Stored items
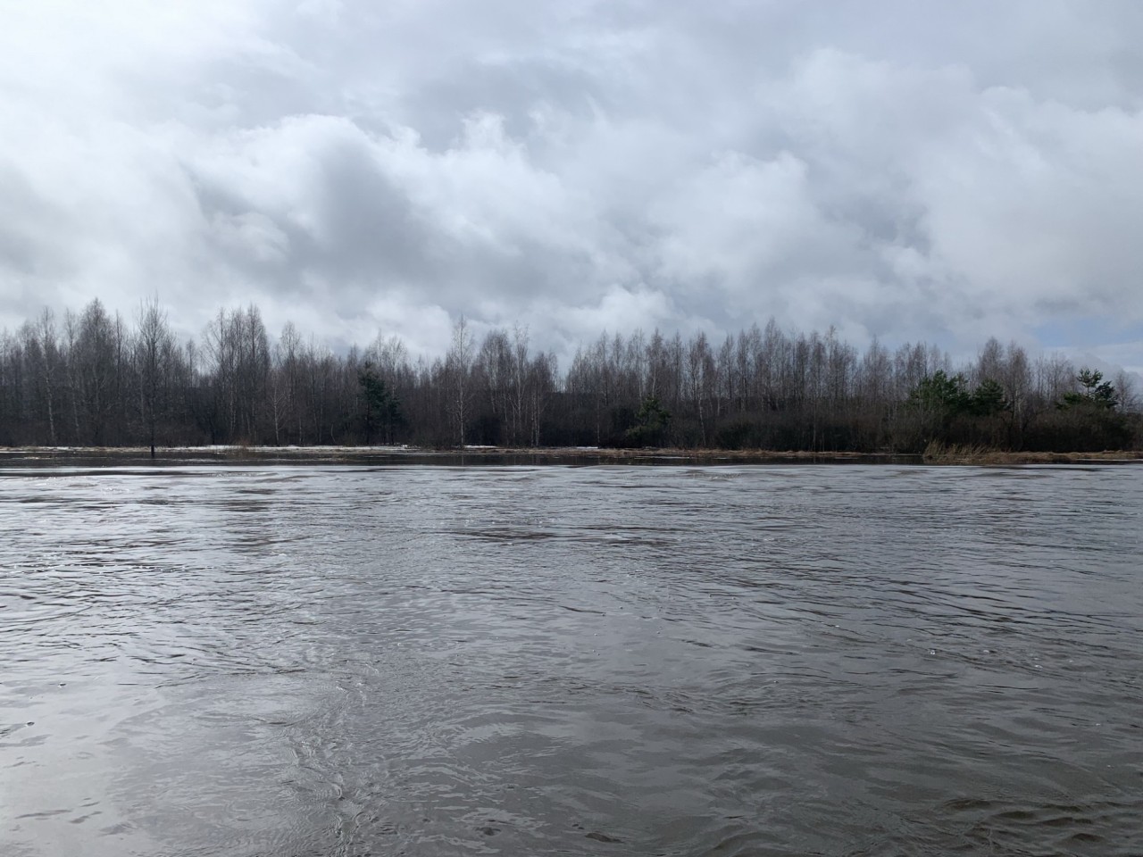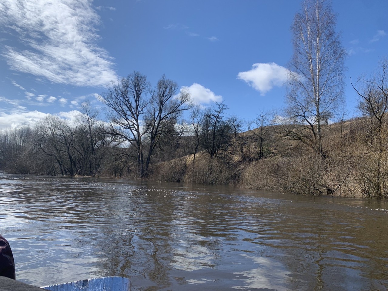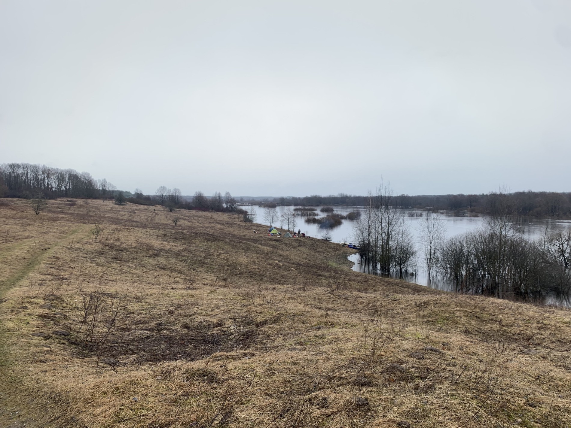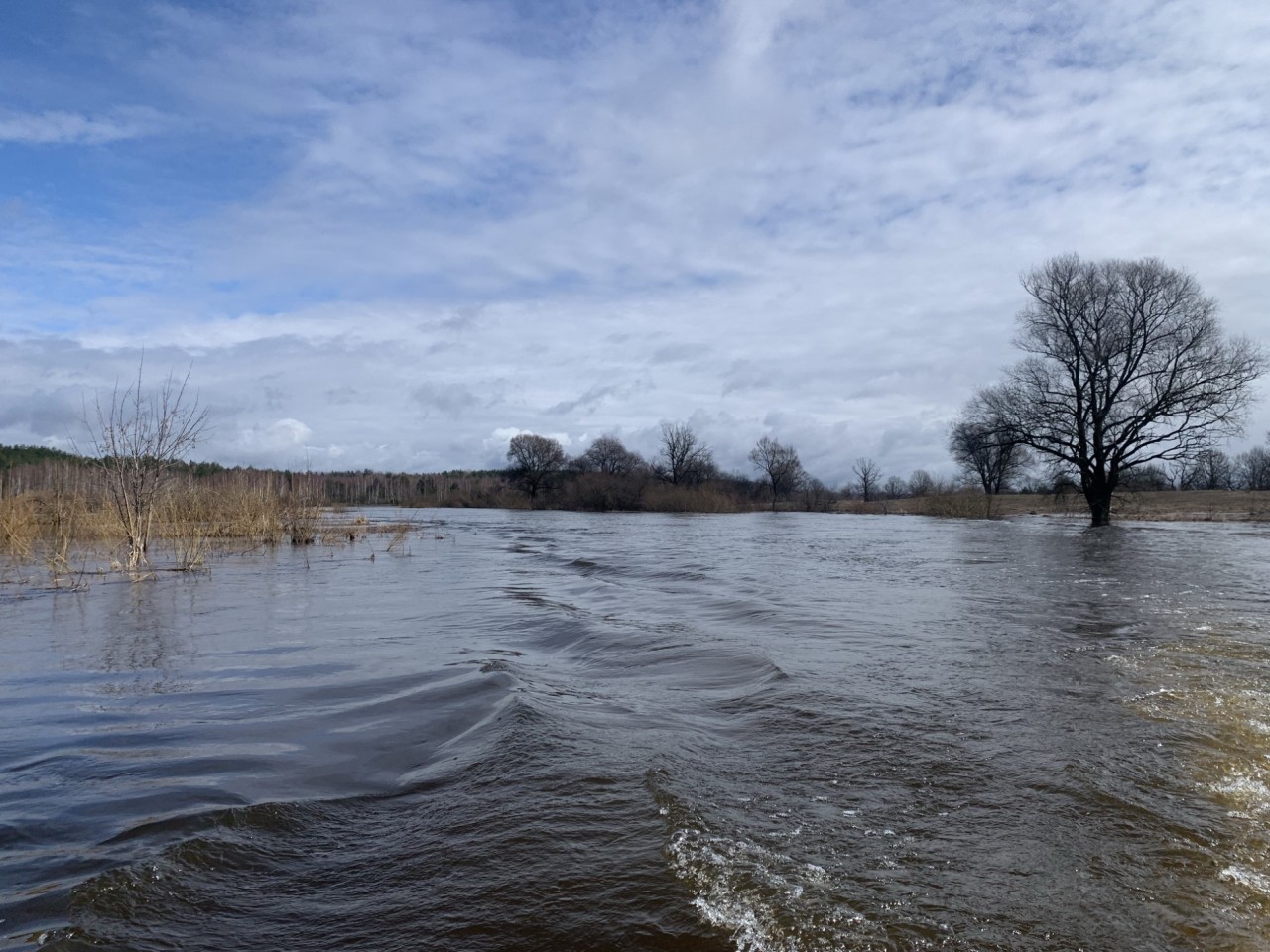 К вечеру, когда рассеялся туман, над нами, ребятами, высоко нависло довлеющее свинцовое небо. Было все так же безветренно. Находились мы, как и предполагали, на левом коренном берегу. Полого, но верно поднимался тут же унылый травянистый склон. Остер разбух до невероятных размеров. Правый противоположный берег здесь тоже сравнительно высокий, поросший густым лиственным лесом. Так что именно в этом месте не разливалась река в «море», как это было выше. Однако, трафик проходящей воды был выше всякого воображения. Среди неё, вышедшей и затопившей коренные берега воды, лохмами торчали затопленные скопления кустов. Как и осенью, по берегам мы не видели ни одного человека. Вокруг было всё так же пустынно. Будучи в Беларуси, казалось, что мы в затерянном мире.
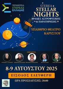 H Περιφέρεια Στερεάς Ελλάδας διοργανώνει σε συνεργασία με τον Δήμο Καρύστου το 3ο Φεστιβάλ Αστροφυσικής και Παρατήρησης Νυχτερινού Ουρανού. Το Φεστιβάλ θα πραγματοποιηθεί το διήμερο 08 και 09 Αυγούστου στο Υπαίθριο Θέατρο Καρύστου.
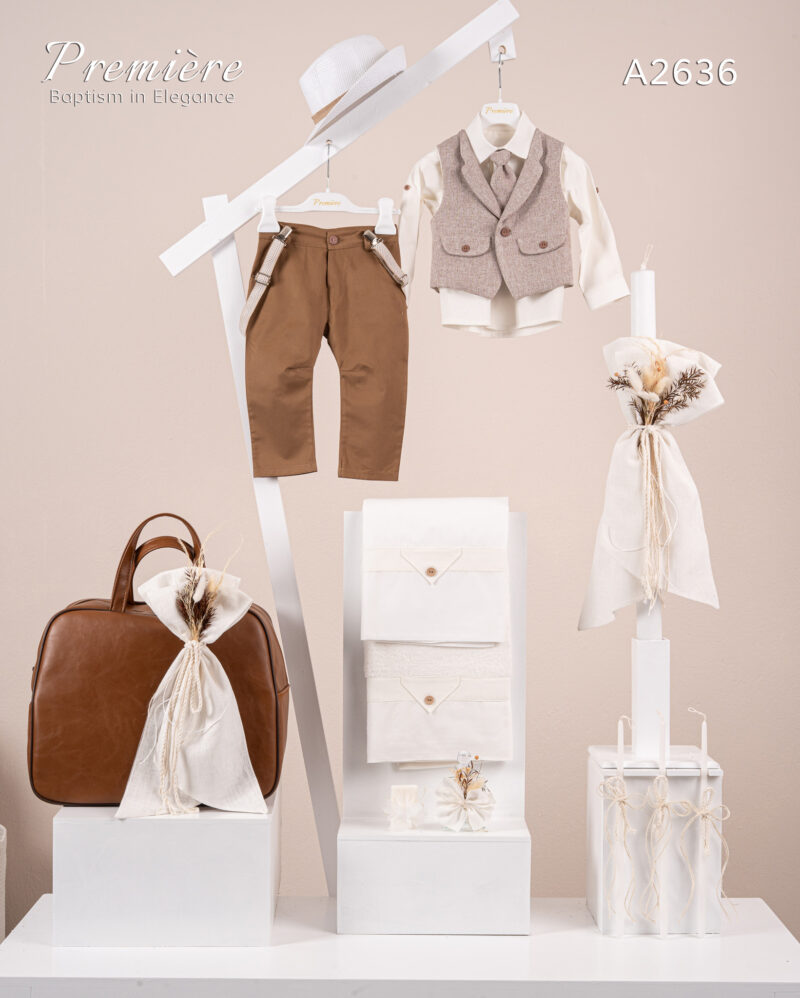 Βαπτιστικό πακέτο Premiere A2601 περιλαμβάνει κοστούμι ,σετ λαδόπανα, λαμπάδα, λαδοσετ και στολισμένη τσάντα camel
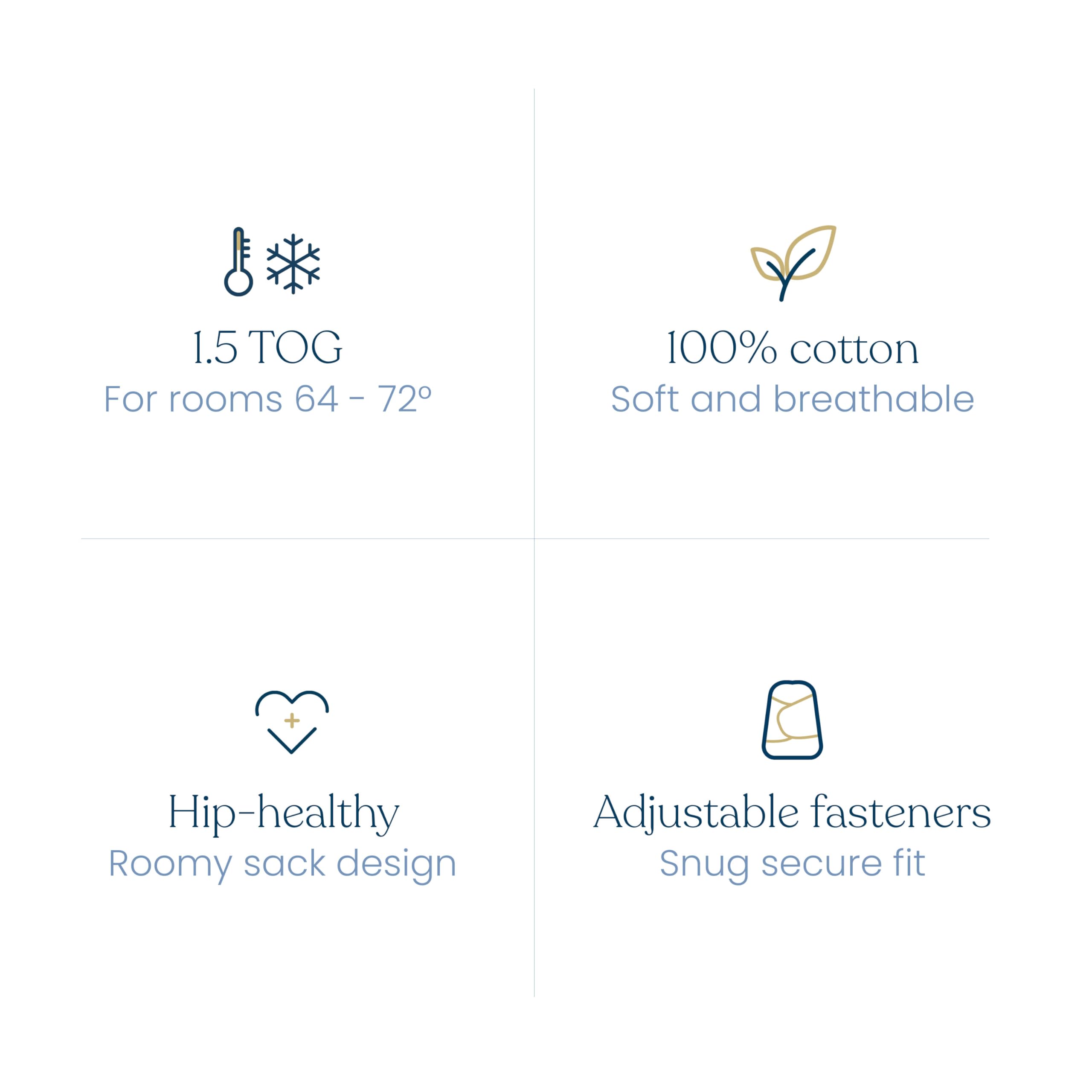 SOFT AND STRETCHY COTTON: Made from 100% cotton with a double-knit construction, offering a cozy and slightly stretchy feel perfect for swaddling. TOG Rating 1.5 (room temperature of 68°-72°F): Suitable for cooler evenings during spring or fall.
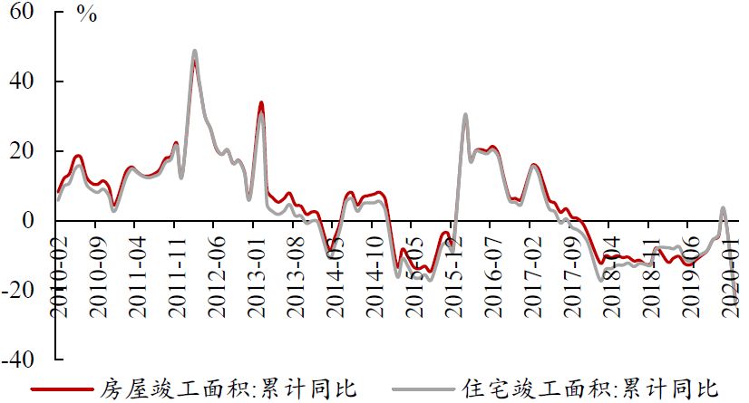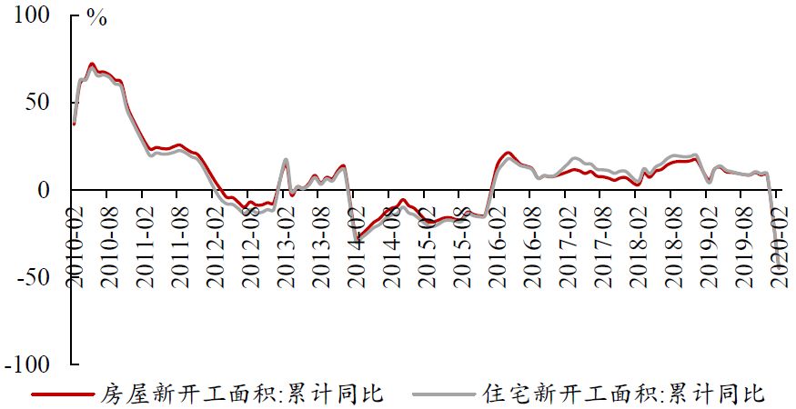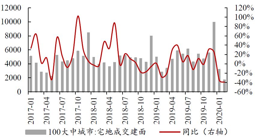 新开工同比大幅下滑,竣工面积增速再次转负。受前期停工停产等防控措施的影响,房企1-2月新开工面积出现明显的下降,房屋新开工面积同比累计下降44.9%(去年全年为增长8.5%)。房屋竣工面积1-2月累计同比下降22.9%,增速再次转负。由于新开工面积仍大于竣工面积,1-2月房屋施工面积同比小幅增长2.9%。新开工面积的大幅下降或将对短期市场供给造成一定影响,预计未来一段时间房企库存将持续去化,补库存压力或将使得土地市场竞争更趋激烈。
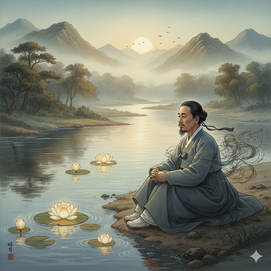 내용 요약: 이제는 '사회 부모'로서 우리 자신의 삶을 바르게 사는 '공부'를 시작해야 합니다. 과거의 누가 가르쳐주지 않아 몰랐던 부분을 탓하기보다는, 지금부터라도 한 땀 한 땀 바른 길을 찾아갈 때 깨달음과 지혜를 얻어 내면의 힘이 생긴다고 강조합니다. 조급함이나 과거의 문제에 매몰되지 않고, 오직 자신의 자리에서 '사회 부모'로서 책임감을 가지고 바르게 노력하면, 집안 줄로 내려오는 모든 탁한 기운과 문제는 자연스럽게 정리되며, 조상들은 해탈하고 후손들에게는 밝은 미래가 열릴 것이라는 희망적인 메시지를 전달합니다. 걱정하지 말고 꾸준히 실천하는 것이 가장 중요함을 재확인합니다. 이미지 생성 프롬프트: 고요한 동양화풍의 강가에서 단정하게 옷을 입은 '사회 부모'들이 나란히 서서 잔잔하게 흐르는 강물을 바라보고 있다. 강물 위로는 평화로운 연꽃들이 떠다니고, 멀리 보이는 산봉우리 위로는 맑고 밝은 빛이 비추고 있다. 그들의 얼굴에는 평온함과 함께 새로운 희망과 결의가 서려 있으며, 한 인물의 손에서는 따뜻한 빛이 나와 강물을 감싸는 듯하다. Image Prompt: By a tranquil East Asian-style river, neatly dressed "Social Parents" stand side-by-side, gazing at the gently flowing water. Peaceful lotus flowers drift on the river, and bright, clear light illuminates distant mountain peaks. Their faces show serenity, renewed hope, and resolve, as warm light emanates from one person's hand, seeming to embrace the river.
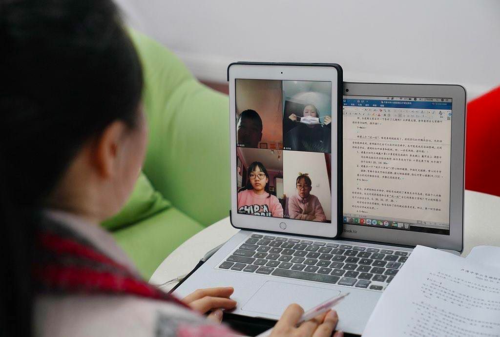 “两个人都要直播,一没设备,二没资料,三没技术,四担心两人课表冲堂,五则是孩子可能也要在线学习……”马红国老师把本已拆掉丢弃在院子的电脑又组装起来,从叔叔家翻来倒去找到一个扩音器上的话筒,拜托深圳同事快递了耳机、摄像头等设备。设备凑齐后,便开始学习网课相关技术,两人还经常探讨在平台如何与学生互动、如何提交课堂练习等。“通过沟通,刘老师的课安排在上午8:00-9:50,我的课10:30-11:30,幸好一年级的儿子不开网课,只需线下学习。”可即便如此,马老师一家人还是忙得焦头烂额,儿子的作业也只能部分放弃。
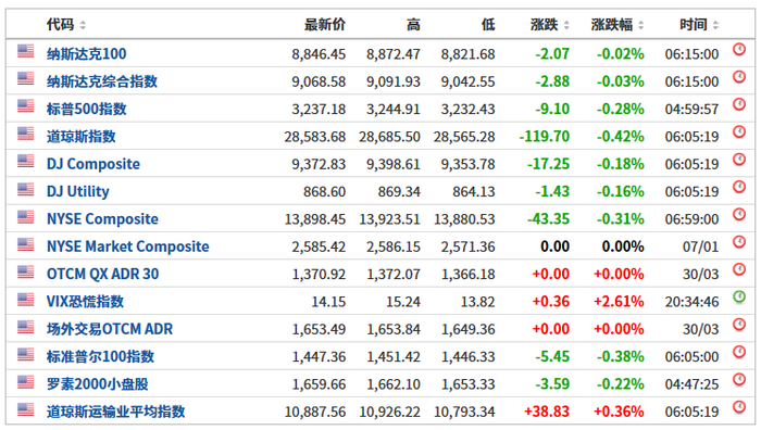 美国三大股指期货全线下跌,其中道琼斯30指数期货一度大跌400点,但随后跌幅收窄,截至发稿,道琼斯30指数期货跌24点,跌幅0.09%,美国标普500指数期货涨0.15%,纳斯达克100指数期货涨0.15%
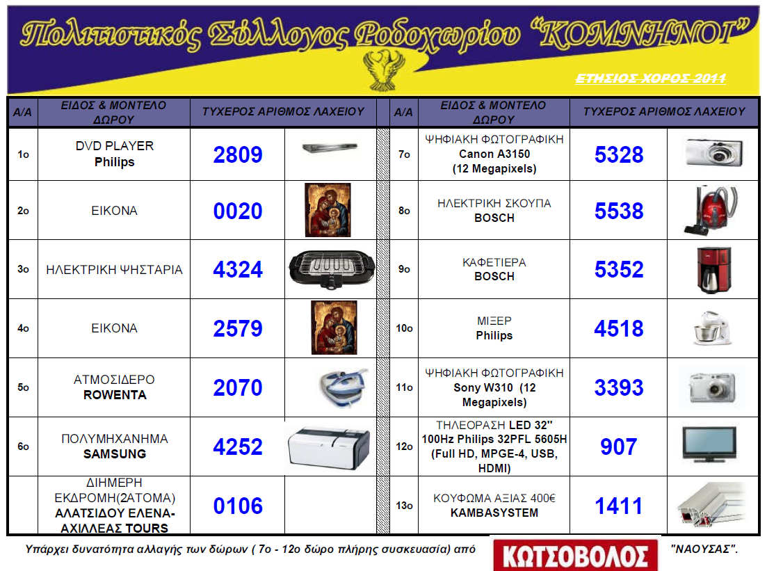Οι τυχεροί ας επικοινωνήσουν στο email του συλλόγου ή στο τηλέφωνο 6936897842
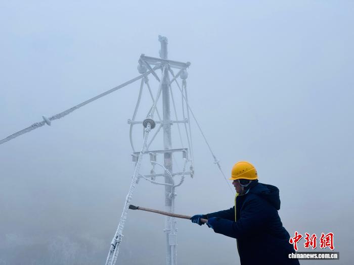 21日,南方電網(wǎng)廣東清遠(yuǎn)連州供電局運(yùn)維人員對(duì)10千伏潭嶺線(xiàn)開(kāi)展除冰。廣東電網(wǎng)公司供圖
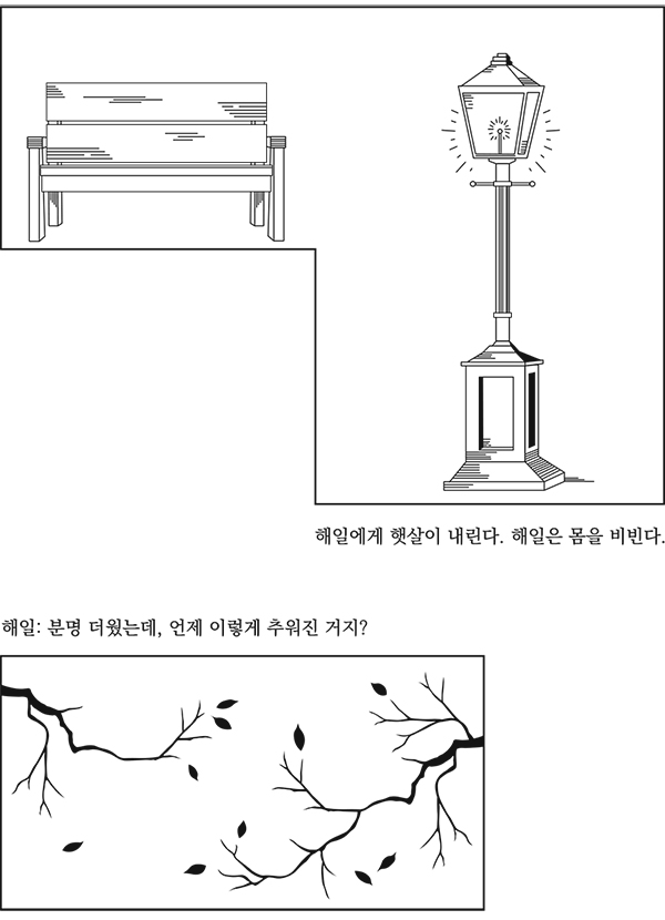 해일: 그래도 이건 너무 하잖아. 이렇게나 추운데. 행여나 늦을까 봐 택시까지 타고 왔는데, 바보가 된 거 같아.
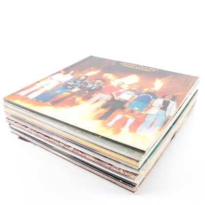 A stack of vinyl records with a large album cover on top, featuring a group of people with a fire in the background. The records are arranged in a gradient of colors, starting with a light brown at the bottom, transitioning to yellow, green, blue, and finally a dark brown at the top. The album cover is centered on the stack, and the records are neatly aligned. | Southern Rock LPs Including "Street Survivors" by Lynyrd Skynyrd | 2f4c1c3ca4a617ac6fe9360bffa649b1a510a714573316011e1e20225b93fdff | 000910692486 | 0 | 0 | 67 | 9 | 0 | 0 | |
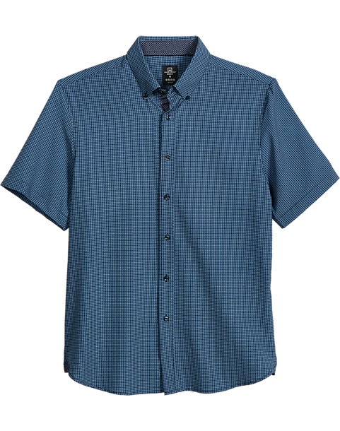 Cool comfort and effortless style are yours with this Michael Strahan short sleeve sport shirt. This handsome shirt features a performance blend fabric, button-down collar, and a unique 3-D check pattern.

▸ **EXERCISE OBJECTIVE**: A verbatim reproduction is expected: starting at the line above that has "21日,南方電網(wǎng)", ending at the line that has "해일: 그래도 이건 너무", both included, and with no pictures and no other lines.

▸ **EXERCISE RESULT**:
 21日,南方電網(wǎng)廣東清遠(yuǎn)連州供電局運(yùn)維人員對(duì)10千伏潭嶺線(xiàn)開(kāi)展除冰。廣東電網(wǎng)公司供圖
 해일: 그래도 이건 너무 하잖아. 이렇게나 추운데. 행여나 늦을까 봐 택시까지 타고 왔는데, 바보가 된 거 같아.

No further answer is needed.